Company: CI
Filing Date: 2025-02-27
Form Type: 10-K
Source: 0001739940-25-000009
Chunk: 227

Company: Cigna Group
Filing Date: 2025-02-27
Form: 10-K
Item: Item 6
Chunk 227
---
The effective tax rate increased, primarily driven by the absence of foreign deferred tax benefits recorded in 2023 and a valuation allowance related to the impairment of VillageMD equity securities, partially offset by the absence of the impact of the valuation allowance resulting from the HCSC transaction recorded in 2023. See Note 20 to the Consolidated Financial Statements for further discussion of these matters. 

Key Transactions and Business Developments

Sale of Medicare Advantage and Related Businesses

In January 2024, the Company entered into a definitive agreement to sell the Medicare Advantage, Medicare Individual Stand-Alone Prescription Drug Plans, Medicare and Other Supplemental Benefits, and CareAllies businesses within the U.S. Healthcare operating segment to Health Care Service Corporation ("HCSC") ("HCSC transaction"). The initial $3.3 billion purchase price is anticipated to increase at closing, reflecting higher statutory surplus for the legal entities that will convey to HCSC. The transaction is expected to close in the first quarter of 2025. See Note 5 to the Consolidated Financial Statements for further information. 

LIQUIDITY AND CAPITAL RESOURCES

Liquidity

We maintain liquidity at two levels: the subsidiary level and the parent company level.

Subsidiary Level. Cash requirements at the subsidiary level generally consist of pharmacy, medical costs and other benefit payments; expense requirements, primarily for employee compensation and benefits, information technology and facilities costs; income taxes; and debt service. 
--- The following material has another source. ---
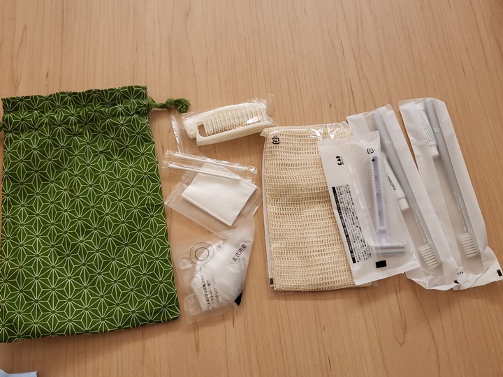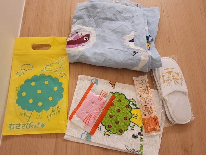 일회용 어메니티도 제공되는데 왼쪽은 어린이용, 오른쪽은 어른용... 일본 여행 가면 호텔에서 사용했을 법한 구성으로 가족탕 즐길 때 필요한 것들은 다 들어있다.
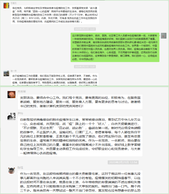 为积极响应公司及公司安排参与疫情防控工作,发挥基层党支部“战斗堡垒”作用,计算机系党支部于2月23日开展了“团结一心抗疫情”网络平台专题组织生活会。支部的每位党员就新型冠状病毒肺炎疫情的防控工作发表了一段自己的感想,内容涵盖了党员在抗疫工作中应发挥的作用、对待疫情消息的理性对待、抗疫期间的工作或生活安排等方面,并展开热烈的讨论。

Our subsidiaries normally meet their liquidity requirements by maintaining appropriate levels of cash, cash equivalents and short-term investments; using cash flows from operating activities; matching durations of investments to estimated durations for the related insurance and contractholder liabilities; selling investments; and borrowing from affiliates, subject to applicable regulatory limits.

Parent Level. Cash requirements at the parent company level generally consist of debt service; payment of declared dividends to shareholders; lending to subsidiaries as needed; and pension plan funding.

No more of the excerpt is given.